About 2 weeks ago i collected 4 chinese mantis ooths. is it too late to expect them to hatch?(already hatched???)i've got each one in a mest cage about 12x12x12" give or take. they're in my bug/fish room in the basement that stays about 78-80F and i mist once a day.should i stick them on my porch out of direct sunlight where it'll be about 80-90F.

i have no intentions on keeping all of them before someone tells me how many nymphs that would be to deal with.i know there's alot of eggs in each one.

I know i had some I. oratoria ooths last summer that seemed to take forever to hatch and 1 california mantis ooth that took a while too.


----------



## robo mantis (Jun 1, 2007)

Give them more time


----------



## JT (Jun 1, 2007)

oh i wasn't ready to give up, i have just been reading posts where everyone's ooths have been hatching within the last month or so and wondered if i collected them too late.


----------



## robo mantis (Jun 1, 2007)

You can never realy tell until they actually hatch


----------



## HempKnight (Jun 2, 2007)

Wow 4 chinese mantis ooths.
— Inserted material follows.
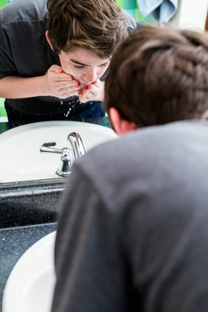 teenage boy cleaning face with a clean water

That is going to be a lot. I hatched out one and there is close to 150+.


----------



## Rick (Jun 2, 2007)

Depends on where you found them. Chinese ooths here hatched back in march. Cut one open and see if it's hatched already.


----------



## robo mantis (Jun 2, 2007)

> Wow 4 chinese mantis ooths. That is going to be a lot. I hatched out one and there is close to 150+.


Thats nothing i had over 60 chinese eggs this year. Yes i said 60!


----------



## OGIGA (Jun 2, 2007)

How many are alive right now?


----------



## JT (Jun 3, 2007)

> Depends on where you found them. Chinese ooths here hatched back in march. Cut one open and see if it's hatched already.


I live in OHIO so i don't think they were hatching here in March, we had some really cold weather in march where i live.70F one day and 30F the next.Just at the middle to end Of April did it gte really warm and stay that way.It's been in the 80's for the last few weeks.


----------